In any case, it wasn't a done deal: Lincoln couldn't just wave his hand and change the Constitution. And the idea of an unamendable amendment would have had serious problems in the courts. So in the eyes of the secessionists slavery wasn't secure if the slave states remained in the union.
You wrote: "Well this statement presupposes that the issue of slavery had something to do with the cause of the war." Slavery, the spread of slavery to the territories, and the permanence of slavery as an institution had everything to do with the deeper causes of the war -- why the country was so divided and why some people wanted their states to secede from the union, something which no president would allow a state to do unilaterally. So yes, slavery had something -- everything -- to do with the causes of the war.
What was the vote in the Congress?
In any case, it wasn't a done deal: Lincoln couldn't just wave his hand and change the Constitution
Really? That's more or less what he did to pass the current 13th amendment. (Through the Senate anyway) Well, hand waving along with bribes, threats and coercion of Southern states by use of the Army, but yeah, he more or less singlehandedly amended the Constitution.

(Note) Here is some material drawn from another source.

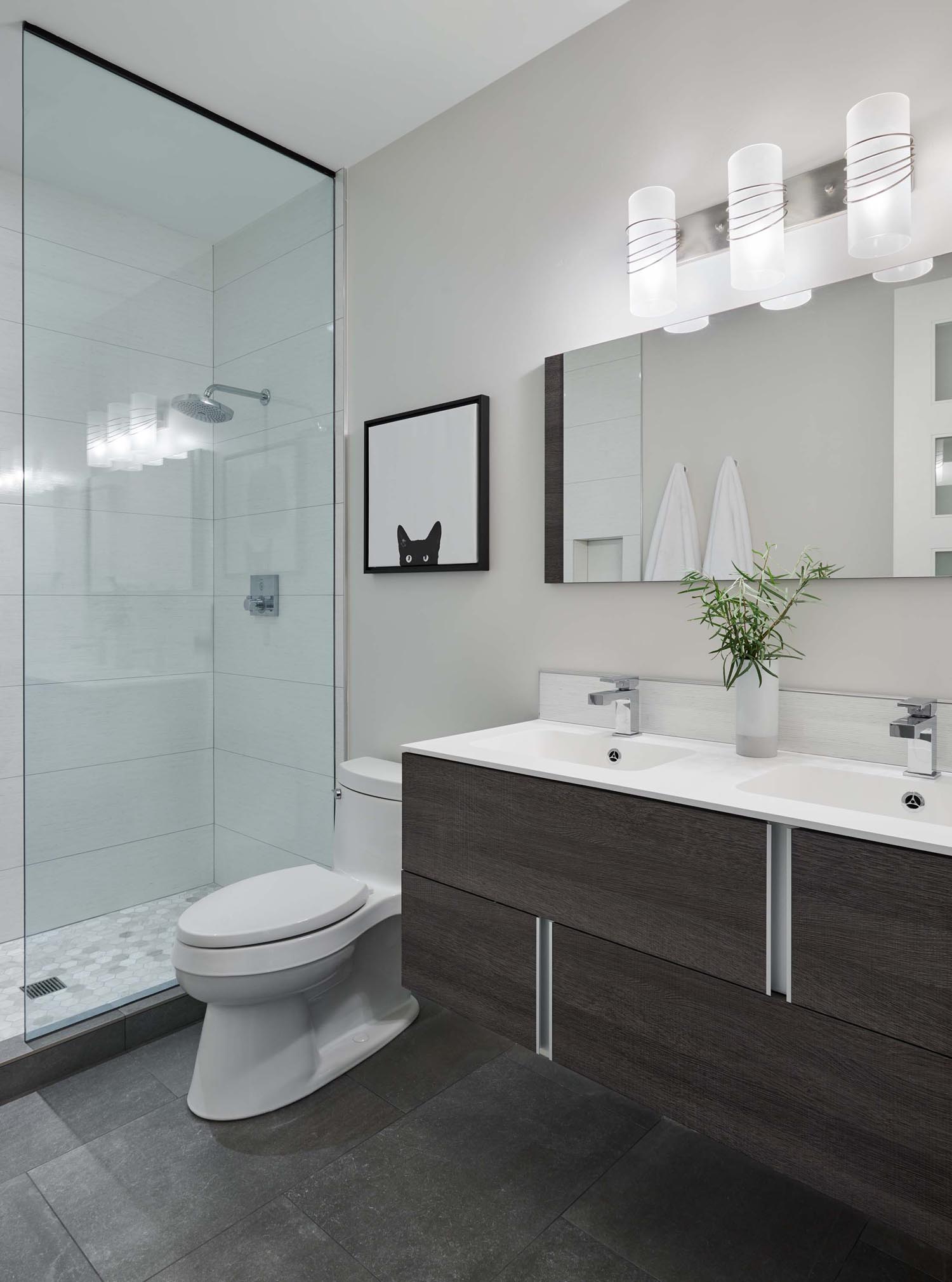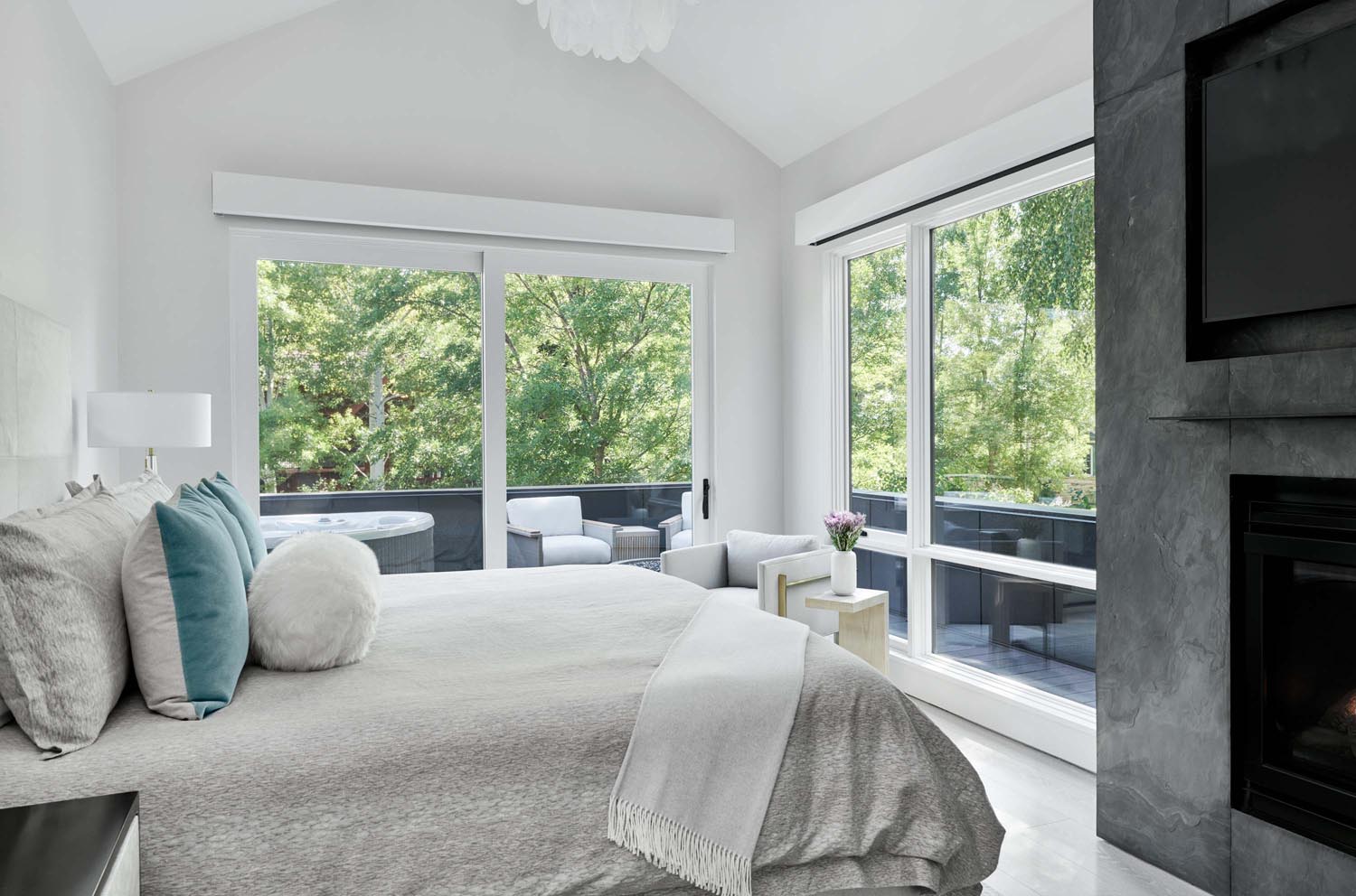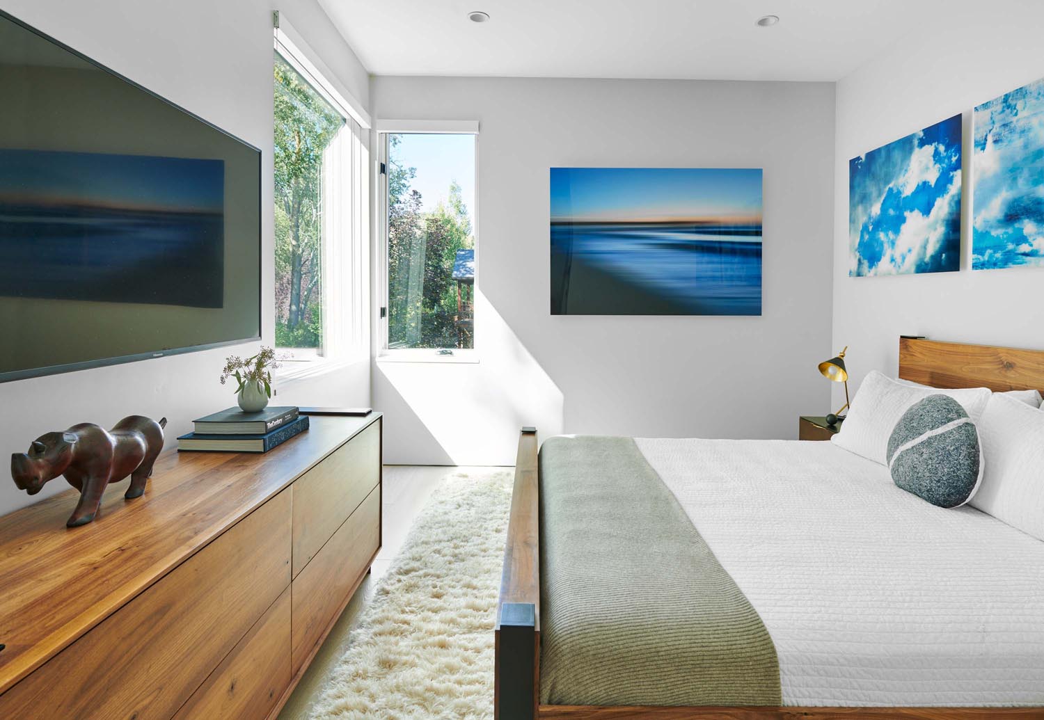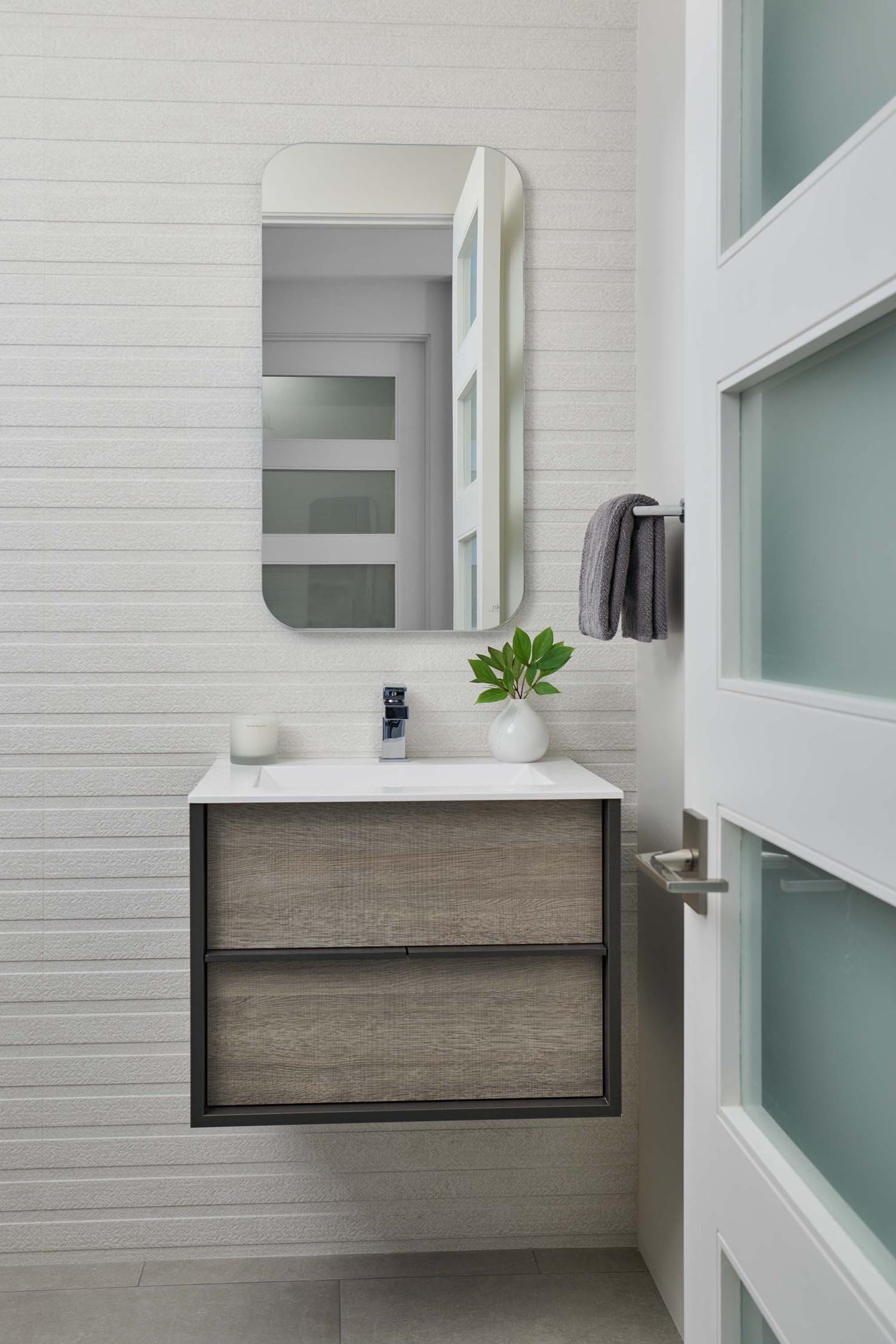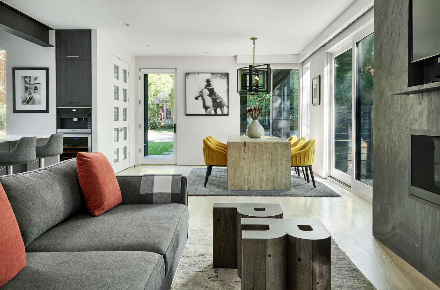 - This duplex showcases a distinctive blend of modern design and natural materials. The exterior features a harmonious combination of wood, white siding, and striking black overhangs adding a dynamic architectural interest. Inside, the white walls create a bright and spacious feel, contrasted by dark grey and stone-colored accents that provide depth and sophistication. Pops of color strategically placed throughout the interior infuse vibrancy and personality into the living spaces, making this home a stylish and contemporary haven with a balanced, cohesive aesthetic.

Slavery, the spread of slavery to the territories, and the permanence of slavery as an institution had everything to do with the deeper causes of the war
That makes no sense in light of Lincoln's efforts to protect slavery by amending the constitution. Even if you are correct that 3/4ths of the states wouldn't ratify it, it still speaks to Lincolns' intent.
You cannot rationally claim the war was about ending something the very man who launched the war was trying to further protect just a month earlier.
This is a dichotomy and cognitive dissonance that I find incomprehensible.